高強度のポイント練習を行った翌日の、疲労が残った状態で練習を重ねる方法は、Back to Back とも呼ばれる練習法のひとつです。 (さらにその翌日、10kmのジョグをしましたが、キロ6分を維持するのはなかなか大変でした)
なかなか贅沢な過ごし方になりましたが、このように工夫をすることで、高所馴化と峠走、B2Bを1回の旅行で効率よく行えるのも、乗鞍ならではの魅力だと思います。
恵まれた宿泊環境
トレイルの大会ですと、前泊で苦労することもしばしばありますが、乗鞍高原はそうではありません。 冬はバックカントリースキーも可能ですし、夏には登山、自転車のヒルクライムも開催され、マウンテンスポーツには理解の深いエリアです。
多彩な宿泊施設
ですから、ペンション、ホテル、旅館と、数多くの選択肢があり、オートキャンプによる車中泊も可能と、宿泊えらびで困ることはないと思います。
前日受付のみ、という条件もデメリットに見えますが、1,400m〜1,600mで1泊することは、トレーニング上のメリットに数えることが可能です。 なぜなら、高所刺激は、滞在した時間にも影響を受けるからです。
松本あたりに宿泊する方法もありますが、朝の移動が長くなってしまいますし、少しでも長く高所に滞在する方を選びたいところです。
ちなみに、乗鞍高原に引かれている温泉は、あの有名な白骨温泉とおなじ湯川を源泉としています。
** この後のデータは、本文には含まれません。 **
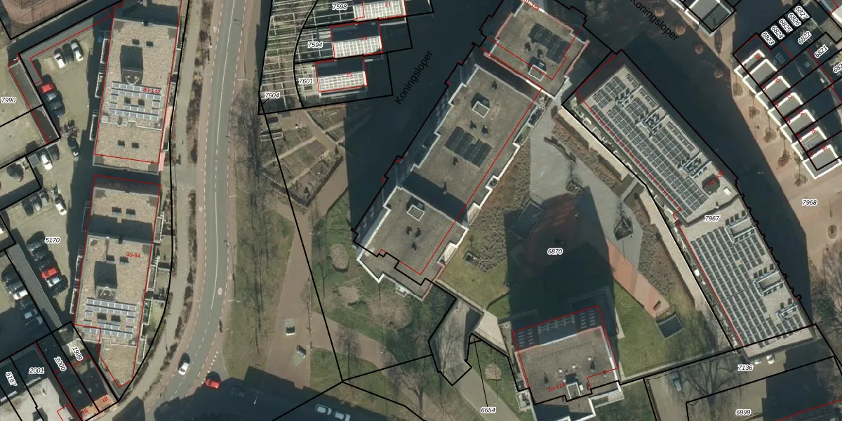 Het perceel waarop Koningsloper 149 staat heeft een oppervlakte van 4709 m². Dit is een zeer groot perceel. De perceeloppervlakte wordt geregistreerd door het Kadaster. Gedetailleerde informatie over de maten van dit perceel kunt u vinden in het rapport Kadastrale kaart met maatvoering van Koningsloper 149.

ここもポイントが高いところです。
アクセス範囲の広さ
さらに、関東・関西・名古屋から、1泊2日のツアーバスも企画されているため、広範囲からアクセスすることが容易です。 自家用車の場合にも、ペンションに停めておくことができ、宿泊施設からスタートまで送迎してもらうことが可能です。
朝食を済ませ、ギリギリまでお部屋で休んだあと、手ぶらでスタートラインまで行けるのは、ポイント高いと思います。
また、制限時間が6時間と短いため、お昼過ぎには大会は終了となるところも、高い評価をつけたいところです。
まとめ
このように、乗鞍天空マラソンは、これから夏にかけて本格化するトレイルシーズンを前にして、ポイント練習の場としても高いポテンシャルを秘めています。
実際に、お会いしたトレイルランナーさんのひとりは、来月に富士登山の山頂コースに出場するというお話でした。
もし、まだ走力に自信が持てないようであれば、35kmの部もおすすめです。フラット区間が短縮されるだけなので、獲得標高は変わりません。
エコーライン開通期間は通行が可能なので、調整練習でも入りたくなるコースではないでしょうか。